British Prime Minister Theresa May on Tuesday convened the weekly Cabinet meeting as the government prepares to defend its Brexit plan in Parliament once again after a vote originally scheduled before Christmas was controversially delayed due to its palpable lack of support among the opposition.
May met her senior Conservative Party officials at her official Downing Street residence in London a day before the debate on the UK's departure from the EU was set to recommence in the House of Commons, the country's lower chamber of lawmaking, before a rescheduled vote on January 15, Efe news reported.
Faced with the prospect of defeat in the chamber, there has been more debate in the UK on the possibility that the government could delay Article 50, the measure that May triggered to set the country on course to leave the EU on March 29, 2019, but Brexit Minister Stephen Barclay diminished this option.
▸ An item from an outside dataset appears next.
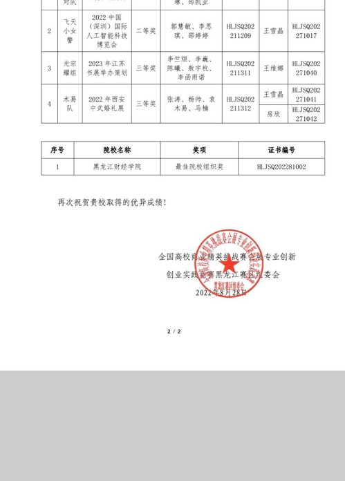 本次比赛会展经济与管理专业共有四支队伍参赛,经过激烈角逐,其中由20级会展经济与管理专业郭慧敏同学带队,邵婷婷同学和李思琪同学为队员的飞天小女警队伍荣获全省二等奖,由20级会展经济与管理专业张涛同学带队,袁木易同学、杨帅同学、马楠同学为队员的木易队荣获全省三等奖。并且,这两支队伍受大赛组委会推荐,成功晋级到国赛。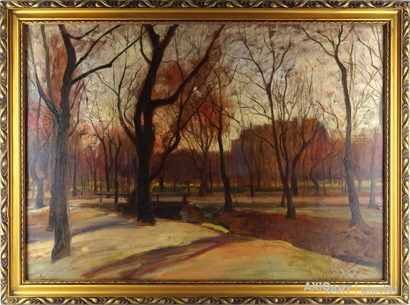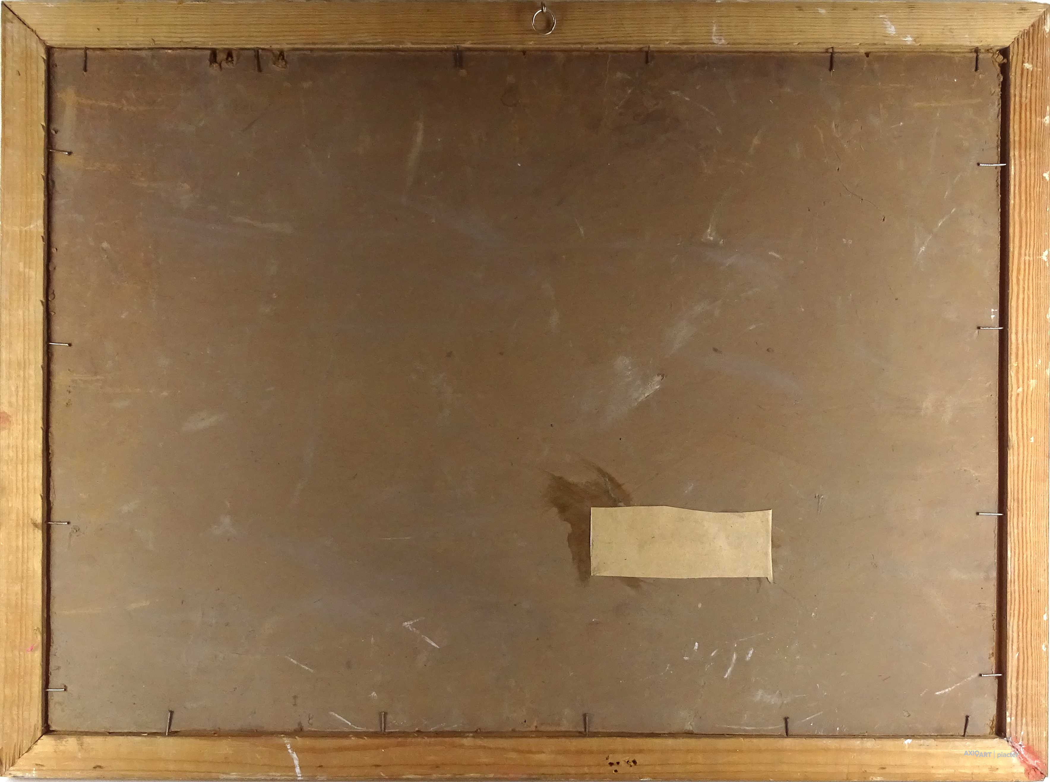 [FK2668/Bp301/4] A kép mérete: 50,5 x 80,5 cm keret nélkül. Készült: Olaj, Vászon A kép Moldován István (Kolozsvár, 1911) alkotása. Jelezve Jobbra lent "Moldován István" A festmény jó állapotban van. Keret: Ép A festmény hátoldalán a Képcsarnokvállalat raglapja láltható. Magyar festők és grafikusok életrajzi lexikona I-II. Festő. Tanulmányait Kolozsvárott, a Szépművészeti Főiskolán kezdte 1930-ban. A következő esztendőben a nagybányai Szépművészeti Iskolában Thorma János és Krizsán János korrektúráján képezte magát. 1931-ben a budapesti Képzőművészeti Főiskola hallgatója lett. Réti István, később Szőnyi István volt a mestere. Már mint főiskolás sok díjat és kitüntetést nyert. 1948-ban megkapta a római ösztöndíjat, de lemondva róla, Erdélybe ment. 1948-1950 között Erdélyben élt, és népművészetben gazdag vidékein festett. 1943-ban Kolozsvárott, 1946-ban Gyöngyösön, 1955-ben, 1959-ben és 1962-ben a Kulturális Kapcsolatok Intézetében, illetve a Csók Galériában rendezett egyéni bemutatókat. Ezen kívül több Európai országban, az USA-ban, Kanadában és Indiában is bemutatta munkáit. Eleinte sajátos atmoszférájú, lírai tájképeket, eleven színvilágú képmásokat festett, később mondernebb, erőteljesebben szerkesztett művekkel jelentkezett. A Pécsi Tanárképző Főiskola számára mozaikot készített. Erdély szerelmese volt. A székely népművészet gazdag formavilágának hatása döntő jelentőségűvé vált sokoldalú művészetében. Műv. díjak: a Szinyei Társaság elismerő oklevele, a Főváros festészeti-díja, "Kolozsvár a képzőművészetben" II. díj, állami ösztöndíj, római ösztöndíj, a Képzőművészek Szövetsége Észak-Magyarországi festészeti díja, SZOT festészeti díj. Több murális művet (mozaik) alkotott. A Magyar Nemzeti Galéria több alkotását őrzi. (M. L.: Műv. 1967/6, RI-NM) Magyar festők és grafikusok életrajzi lexikona I-II. Műgyűjtők és kereskedők kézikönyve Festő. Tanulmányait a kolozsvári Szépművészeti Főiskolán kezdte 1930-ban. A nagybányai szabadiskolában is megfordult. Itt Thorma János és Krizsán János korrektúráján képezte magát. 1931-ben Budapesten a Képzőművészeti Főiskola hallgatója lett. Réti István, később Szőnyi István volt a mestere. Már mint főiskolás sok díjat nyert. 1948-ban megkapta a római ösztöndíjat, de lemondva róla, Erdélybe ment. 1948-1950 k. Erdélyben élt, és népművészetben gazdag vidékein festett. 1943-ban Kolozsváron, 1946-ban Gyöngyösön, 1955-ben, 1959-ben és 1962-ben a Kulturális Kapcsolatok Intézetében, illetve a Csók Galériában rendezett önálló kiállítást. Ezen kívül több Európai országban, az USA-ban, Kanadában és Indiában is bemutatta műveit. Eleinte sajátos atmoszférájú, lírai tájképeket, eleven színvilágú képmásokat festett, később mondernebb, erőteljesebben szerkesztett művekkel jelentkezett. A Pécsi Tanárképző Főiskola számára mozaikot készített. Erdély szerelmese volt. A székely népművészet gazdag formavilágának hatása döntő jelentőségűvé vált sokoldalú művészetében. 1942-ben megkapta a Szinyei Társaság elismerését, és a Főváros festészeti-díjat,1943-ban elnyerte a "Kolozsvár a képzőművészetben" c. díjat. 1947-ben állami ösztöndíjat,1948-ban a római ösztöndíjat, 1972-ben a Képzőművészek Szövetsége Észak-Magyarországi festészeti díját kapta meg. A MNG több művét őrzi. (M. L.: Műv.-1976/6) Magyar festők és grafikusok adattára Tanulmányait Kolozsvárott a Képzőművészeti Főiskolán, majd Nagybányán Thorma János és Krizsán János irányítása mellett kezdte, 1931-től Budapesten megszakításokkal a Képzőművészeti Főiskolán Réti István és Szőnyi István növendékeként fejezte be. 1949-ben és 1950-ben ösztöndíjjal dolgozott Erdélyben, majd hosszú tanulmányutakra indult Nyugat-Európába, az Egyesült Államokba, s a Szovjetunióba. Először Kolozsvárott lépett a nyilvánosság elé 1943-ban, majd 1946-ban Egerben és Gyöngyösön, 1947-ben Miskolcon, 1948-ban Hatvanban, 1955, 1961 és 1981-ben a Csók Galériában, 1959-ben a KKI-ben, 1960-ban Nagykanizsán, 1963-ban Kiskunfélegyházán, 1966-ban Debrecenben, 1969 és 1975-ben Békéscsabán, 1971-ben a Mednyánszky Teremben, 1973-ban Gyöngyösön és Debrecenben, 1977-ben Egerben, 1979-ben Veszprémben, 1983-ban Miskolcon, 1984-ben Csepelen, 1986-ban a Vigadó Galériában rendezett önálló kiállítást. Külföldi kiállításai: Moszkva, Varsó, India, Szófia, Párizs, Bukarest, Belgrád, New York, Montreál és Toronto. Eddig közel kétezer színes táblaképet festett, de szívesen foglalkozik mozaikkészítéssel is. 1964-ben a Pécsi Pedagógiai Főiskola, 1968-ban a Salgótarjáni Kórház, 1969-ben a názáreti templom és 1970-ben a Videoton Vállalat díszterme részére mozaikot készített. - Erdély szerelmese. A székely népművészet gazdag formavilágának hatása döntő jelentőségűvé vált festészetében. Olyan formanyelvet alakított ki magának, amely színvilágában és summázó formaalakításában sajátos erdélyi zamat érződik, ugyanakkor korszerűen modern is konstruktivista stílusa. Munkásságát 1942-ben a Szinyei Társaság elismerésével és a Fővárosi festészeti-díjjal, 1943-ben Római-ösztöndíjjal, 1947-ben Állam ösztöndíjjal (Románai), 1963-ben a SZOT festészeti-díjával, 1972-ben a Képzőművészek Szövetsége Észak-Magyarországi festészeti-díjával tüntették ki. - Irod.: Bíró Béla: Kolozsváry Moldován István. Erdélyi Helikon, 1943.; Felvinczi Takács Zoltán: Kolozsváry Moldován István. Kolozsvár, 1943.; Dutka Mária: Magyar Nemzet, 1961.; Maksay László: Moldován István. Művészet, 1965.; D. Fehér Zsuzsa. Moldován István, Bp. 1971.; Theisler G

May delayed the initial vote, slated for December 11, when it became clear she was to face considerable opposition not only from the opposition Labour Party and other smaller parties in the chamber -- such as the Scottish National Party - but also from the Northern Irish Democratic Unionist Party, which props up her government, and a clutch of pro-EU Conservative Members of Parliament.
On December 12, May was forced to see off a no-confidence motion lodged by right-wing members of her own party.
One of the key sticking points in the debate has been the future of the Irish border and how to maintain an open and tariff-free frontier between the Republic of Ireland, an EU member state, and Northern Ireland, a UK territory, post-Brexit.
The EU has consistently said that the draft Brexit deal was not up for re-negotiation, but has offered to clarify points in the document.